Exercise prompt: Working through the data below, reproduce word for word the line with "The outer layer" and every line after it, both ends included, and omit the pictures.

BEGIN Data section

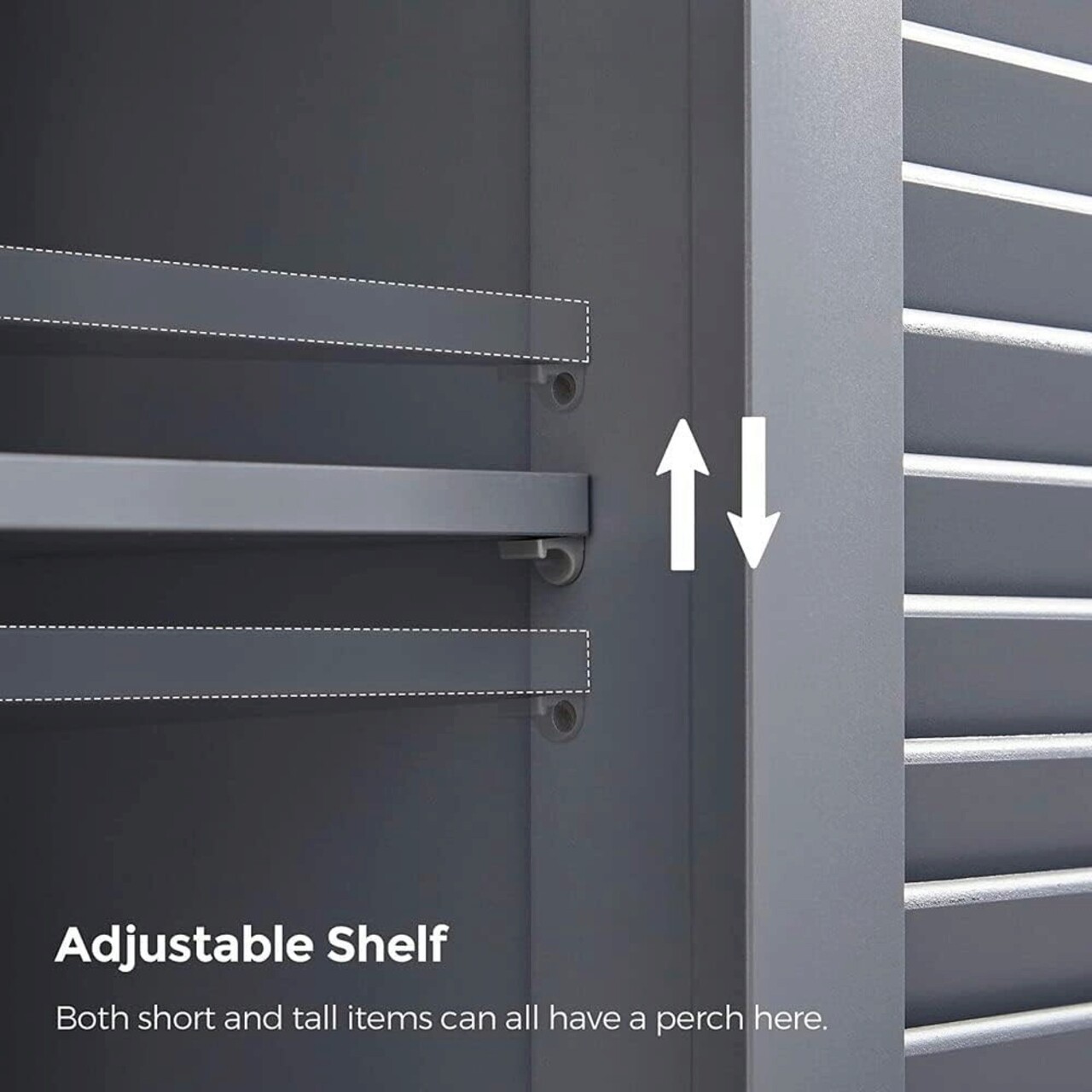 Toate elementele acestui dulap se imbina perfect: finisajul gri mat, usile elegante cu lamele si simplitatea generala a profilului. Pe langa aspectul sau placut, acest dulap de depozitare convinge si prin structura sa.
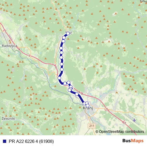 Bus PR A22 6226 4 (61908) in Naklo: Stops & Timetable
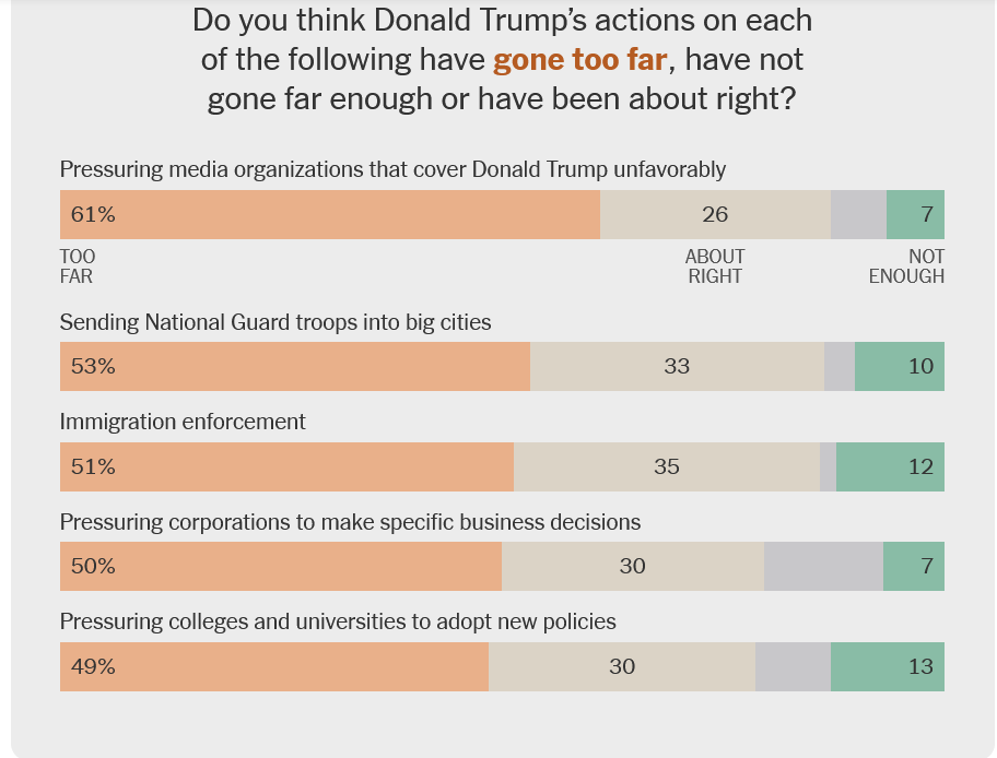 A new NYT poll out this morning confirms what we’ve been seeing in polling over the past few months - there is very little support for his “strongman” authoritarian tactics: Two recent ads from our side are examples of what an expanded agenda and message frame can look like. Here’s a new ad from a House SuperPAC that talks about rising prices/tariffs, health care, shutdown/chaos and broken promises/betrayal (this one is from AZ-6, the campaign has similar ads in 9 other districts right now): And here’s the latest ad from Gov. Newsom and Yes on 50 - tariffs/costs, health care, betrayal, and threat to democracy: Trump and his agenda are deeply unpopular, his government is failing, and he is in physical and cognitive decline. We are in the fight with him we all wanted to have but in my view we must now to do two things to strengthen our position and make it more likely we win: 1) broaden our argument and create a national rallying cry 2) create a more coordinated and sophisticated communications infrastructure. Now, Let’s Get To Work Everyone!!!!!!!!!!!!Today is the final day of the 3rd quarter, a very big filing deadline. Do what you can to help our candidate close strong by donating before midnight tonight! Winning The Fall - Support Our November, 2025 Candidates and Yes On 50
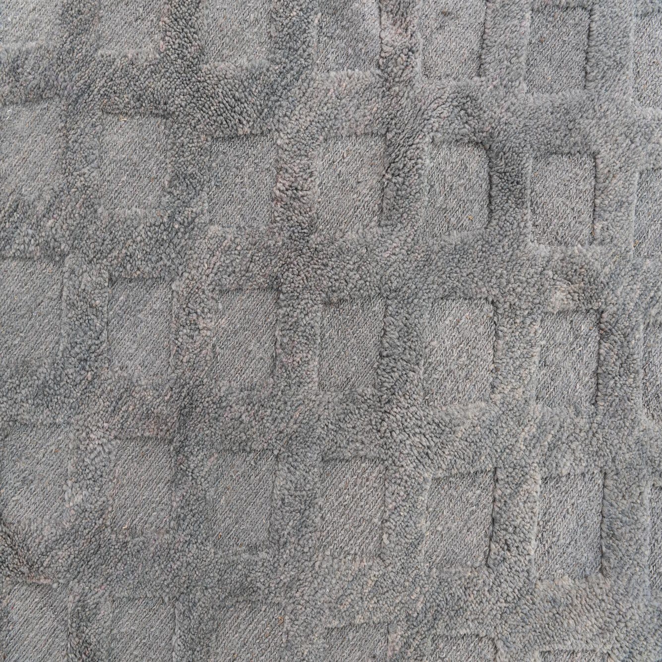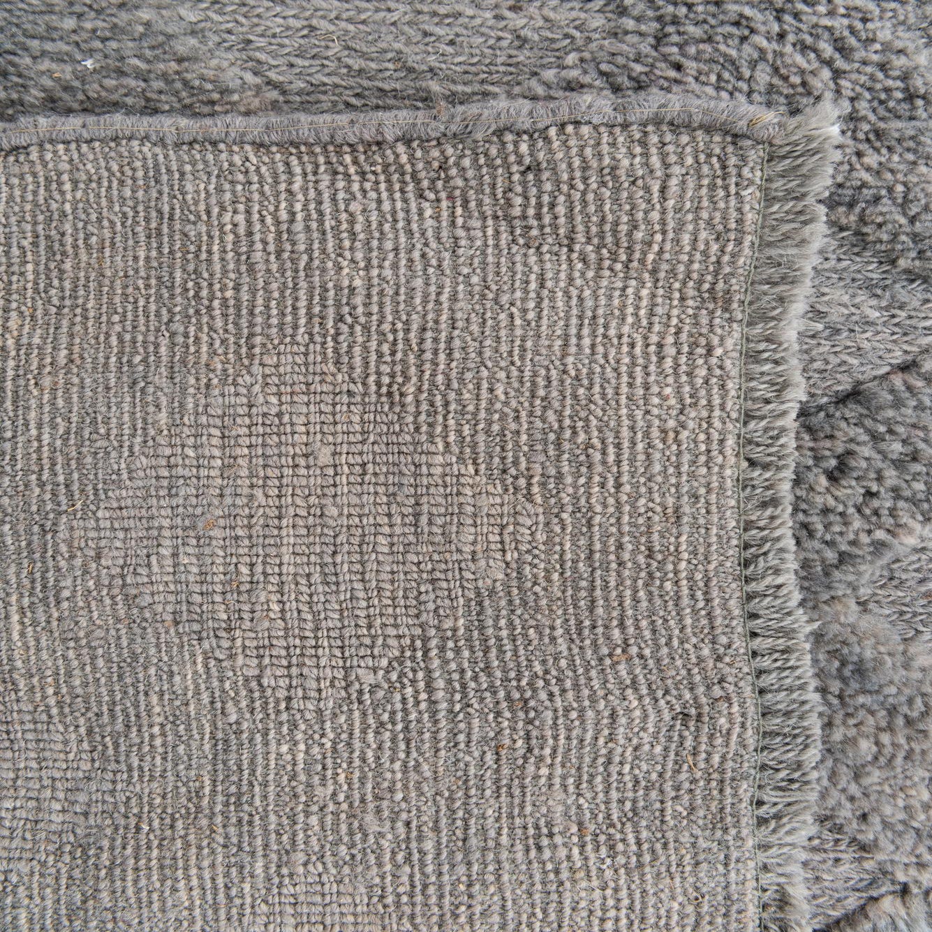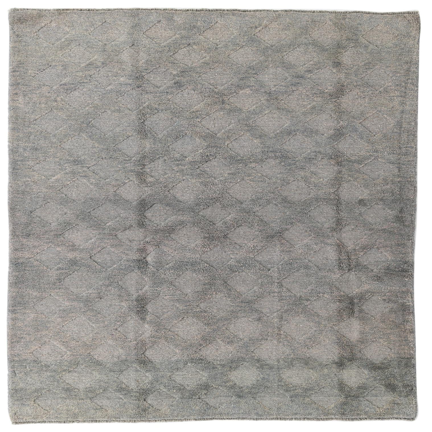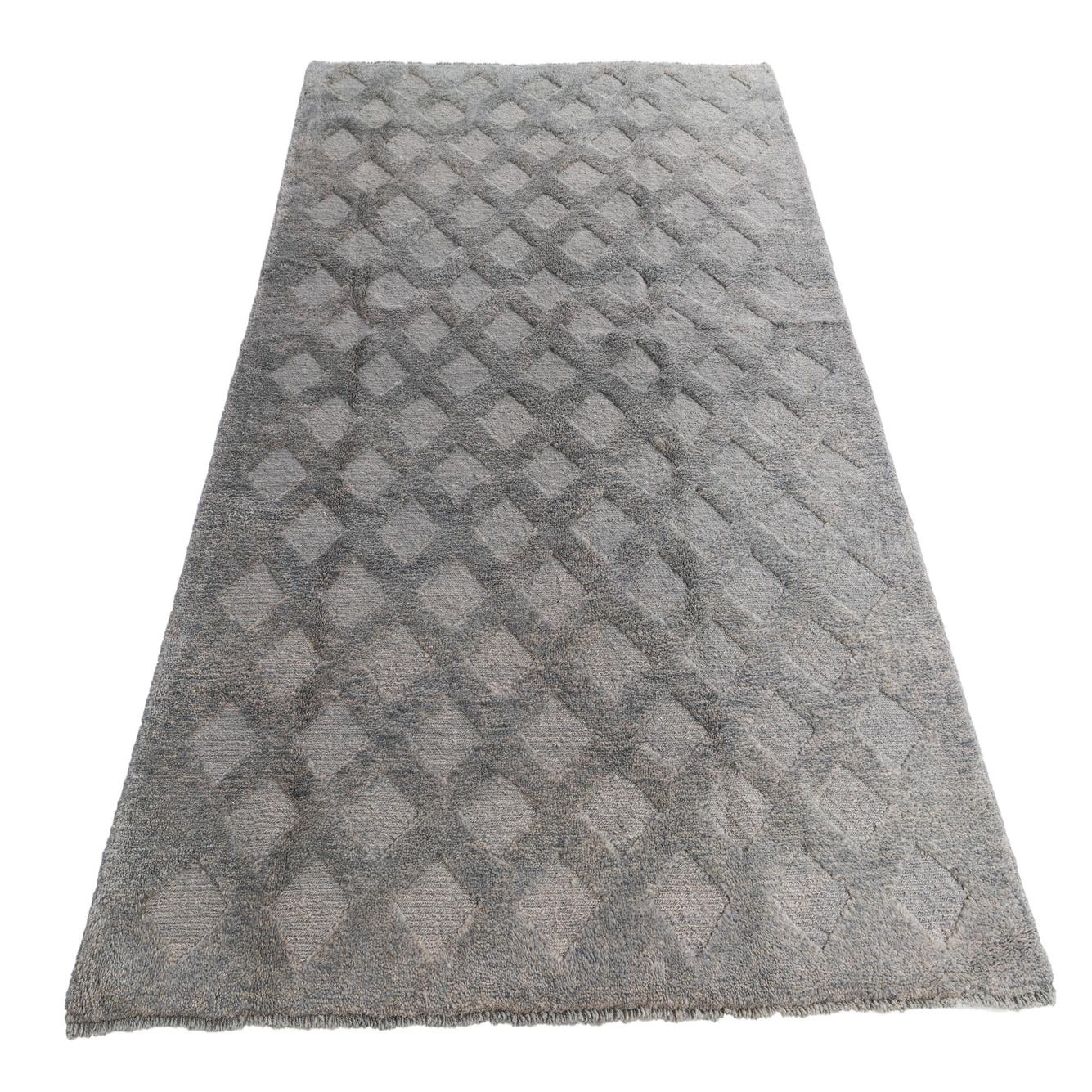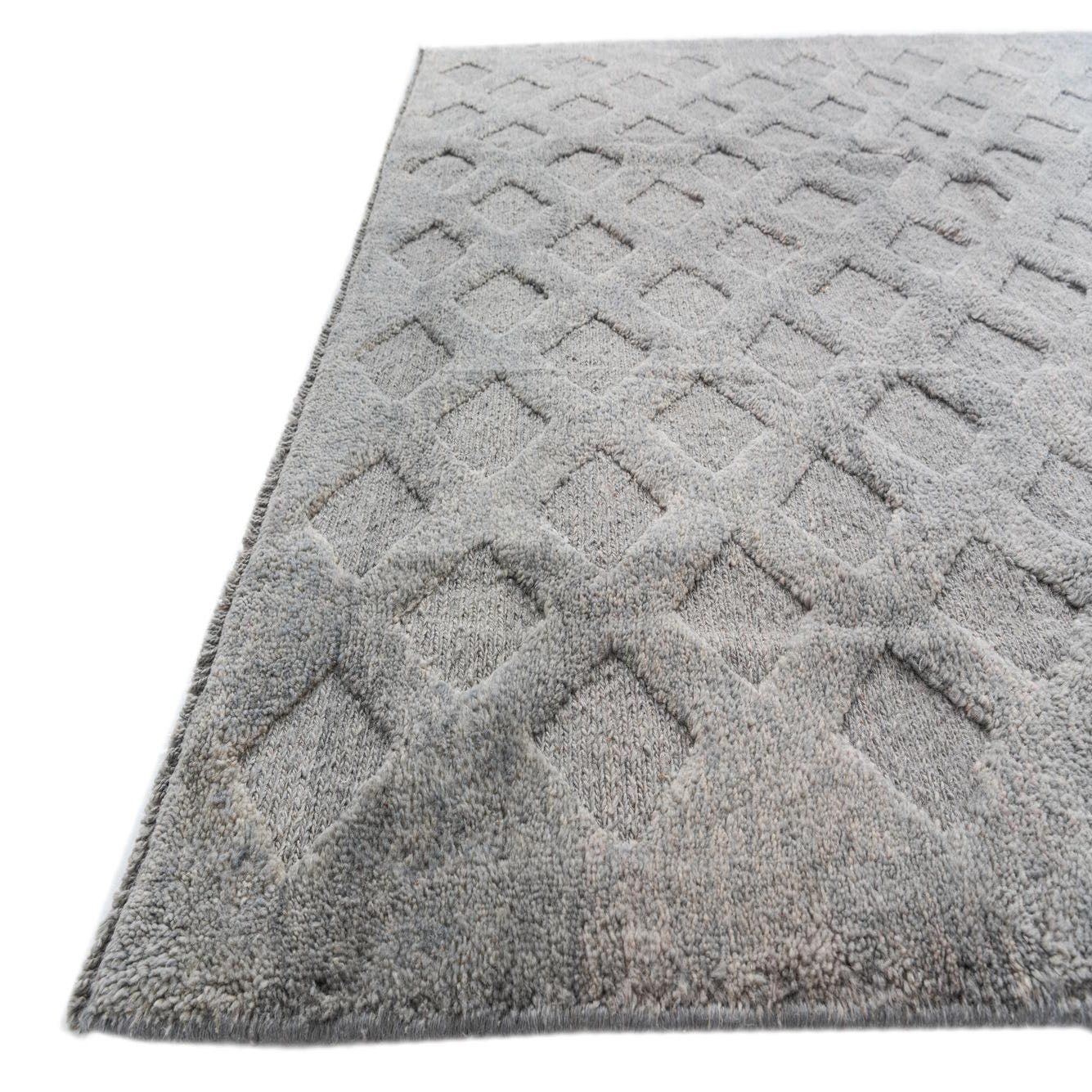 This Moroccan Collection rug is a hand-knotted 6x9 piece, crafted using 100% wool that offers a plush feel and durability. It showcases a muted gray backdrop with a discreet diamond lattice pattern that provides a subtle nod to traditional Moroccan designs. The texture is rich and inviting, contributing to a cozy atmosphere within a space.
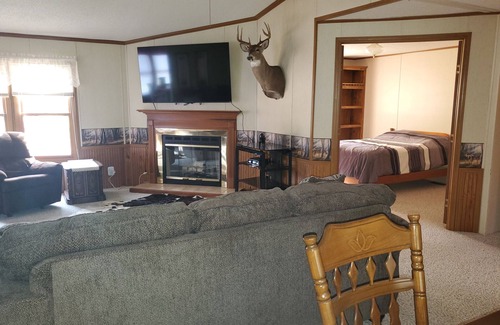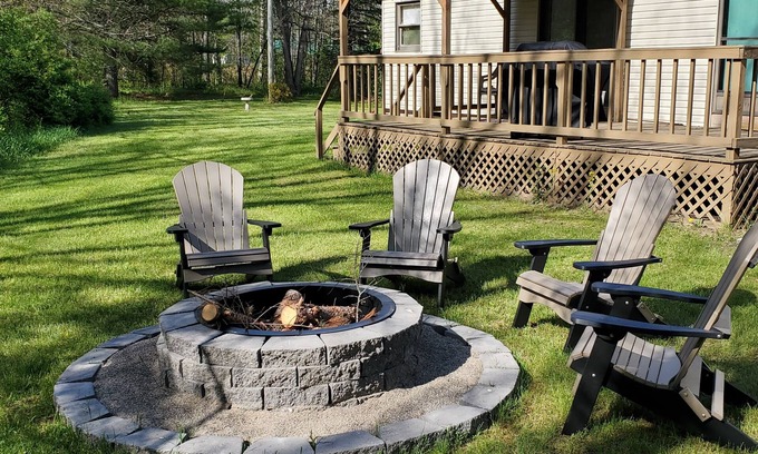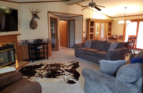Located just on the outskirts of town yet walking distance from the Pere Marquette! Close to all the trails, gas stations ,grocery stores ,golf course ! You will enjoy all the conveniences this property has to offer yet have the privacy your vacation desires !
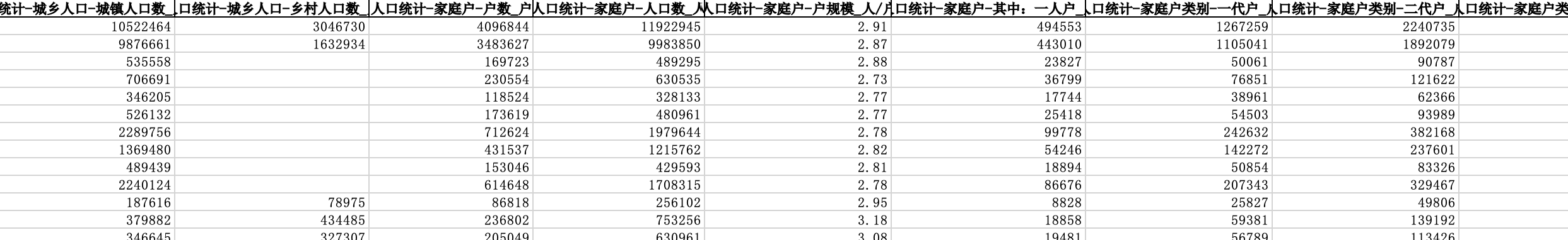 家庭户总人口-女性 | 0-14岁 | 0-14岁-男性 |
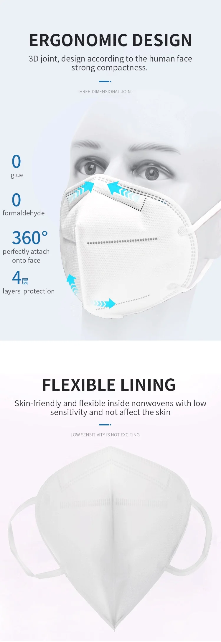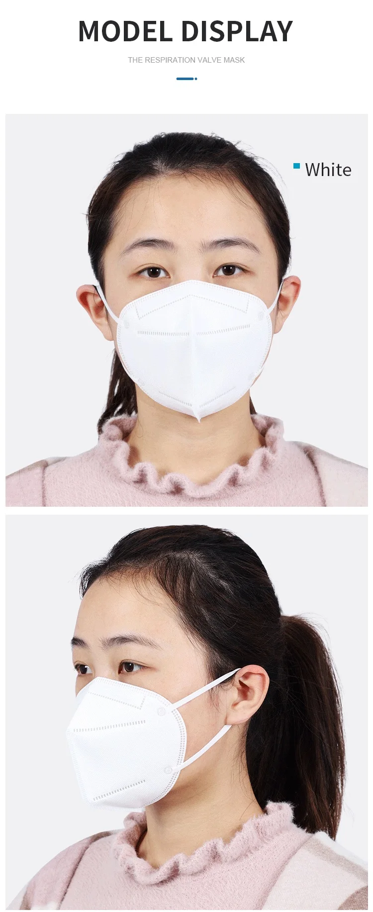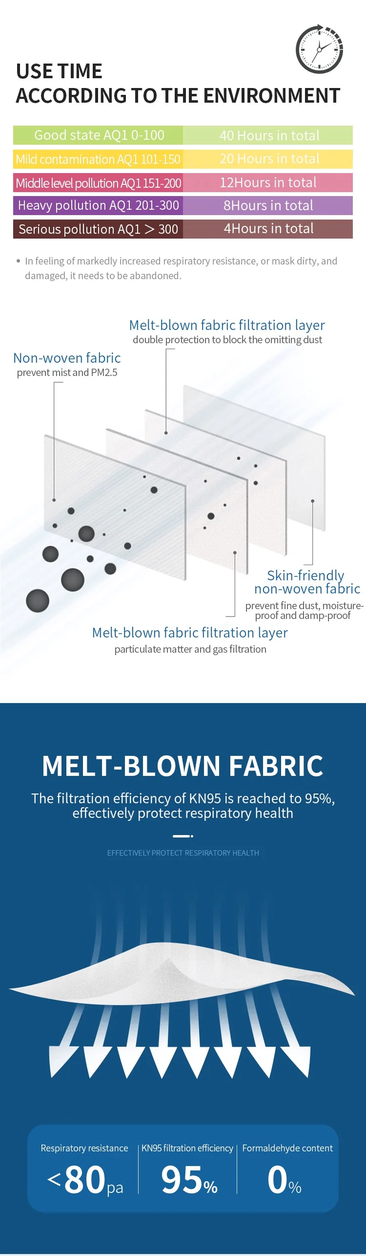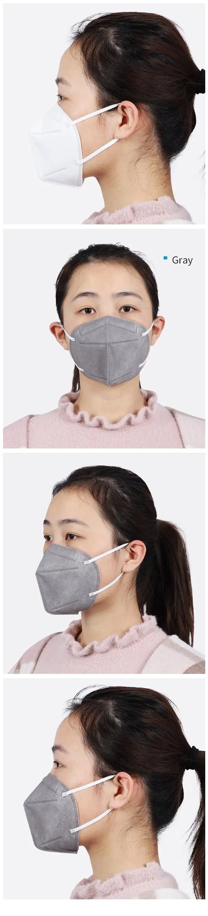 The outer layer and inner layer are made of polypropylene spunbond non-woven fabric, the fifilter layer is made of polypropylene melt-blown non-woven fabric. The Nose clip is made of adjustable metal strip and ear loop is made of knitted nylon.
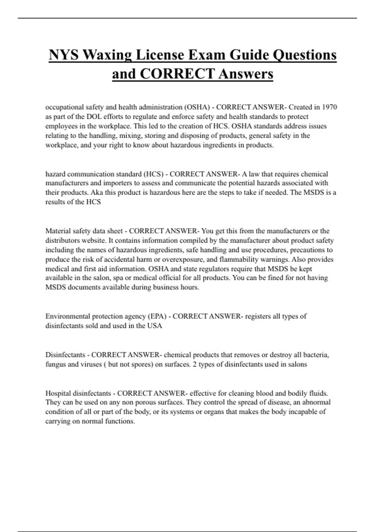 NYS Waxing License Exam Guide Questions and CORRECT Answers occupational safety and health administration (OSHA) - CORRECT ANSWER- Created in 1970 as part of the DOL efforts to regulate and enforce safety and health standards to protect employees in the workplace. This led to the creation of HCS. OSHA standards address issues relating to the handling, mixing, storing and disposing of products, general safety in the workplace, and your right to know about hazardous ingredients in products

END Data section

Answer to this exercise:
 The outer layer and inner layer are made of polypropylene spunbond non-woven fabric, the fifilter layer is made of polypropylene melt-blown non-woven fabric. The Nose clip is made of adjustable metal strip and ear loop is made of knitted nylon.
 NYS Waxing License Exam Guide Questions and CORRECT Answers occupational safety and health administration (OSHA) - CORRECT ANSWER- Created in 1970 as part of the DOL efforts to regulate and enforce safety and health standards to protect employees in the workplace. This led to the creation of HCS. OSHA standards address issues relating to the handling, mixing, storing and disposing of products, general safety in the workplace, and your right to know about hazardous ingredients in products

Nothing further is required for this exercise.